Suzie Dunn, professeure adjointe de droit à l'Université Dalhousie à Halifax, a déclaré que plusieurs lois pouvaient s'appliquer aux images truquées et altérées, notamment celles liées à la diffamation et à la protection de la vie privée.
«Il y a ce nouveau problème social qui apparaît avec les générateurs de contenu et d'images générés par l'IA et l'hypertrucage, où il y a ce genre de nouveau préjudice social qui ne rentre parfaitement dans aucune des catégories juridiques que nous avons», explique-t-elle.
Selon elle, certaines formes de contrefaçon pourraient mériter des exceptions, comme une satire.
«À mesure que la technologie évolue, la loi doit constamment rattraper son retard et cela m'inquiète un peu, car il pourrait y avoir un certain rattrapage à faire avec cette IA générée.»
Pablo Tseng, avocat en propriété intellectuelle à Vancouver, estime que l'hypertrucage «accélère» un problème qui existe depuis des décennies: les fausses déclarations.
«Il y a toujours eu un ensemble de lois qui ont ciblé les fausses déclarations, qui existent depuis longtemps et qui sont encore très applicables aujourd'hui à l'hypertrucage (y compris) les délits de diffamation, de mauvaise représentation, ou en lien avec la vie privée, et le délit d'usurpation de personnalité.»
Il a ajouté que des lois spécifiques, comme celle de la Colombie-Britannique, représentaient des pas dans la bonne direction pour lutter davantage contre ce problème, en tandem avec les lois existantes.
Me Tseng a déclaré qu'il connaissait un cas québécois qui montrait comment l'utilisation abusive de la technologie d'hypertrucage pouvait s'appliquer aux lois sur la pornographie juvénile. Cette affaire a conduit à une peine de prison de plus de trois ans pour un homme de 61 ans qui avait utilisé l'IA pour produire de fausses vidéos pédopornographiques.

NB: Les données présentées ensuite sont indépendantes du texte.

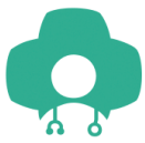
Table Companion app.

Mais Pablo Tseng ne connaît aucun jugement dans lequel la technologie serait référencée dans un contexte de fausse déclaration.
«Il est clair que ce n'est pas parce qu'aucun jugement n'a été rendu que cela ne se produit pas partout autour de nous. Taylor Swift n'est que le dernier exemple d'une série d'autres exemples où les visages, personnalités et portraits de célébrités ont tout simplement été mal utilisés» a-t-il soulevé.
Suzie Dunn croit que la modération du contenu par les sites Web était probablement la meilleure voie à suivre.
Elle a appelé les moteurs de recherche comme Google à désindexer les sites Web principalement axés sur la création de des hypertrucages à caractère sexuel.
«À un moment donné, je pense que certaines personnes abandonnent, même des gens comme Scarlett Johansson ou Taylor Swift, parce qu'il y a tellement de contenu produit et si peu de possibilités de recours juridiques puisqu'il faudrait poursuivre en justice chaque personne qui le partage», déplore Mme Dunn.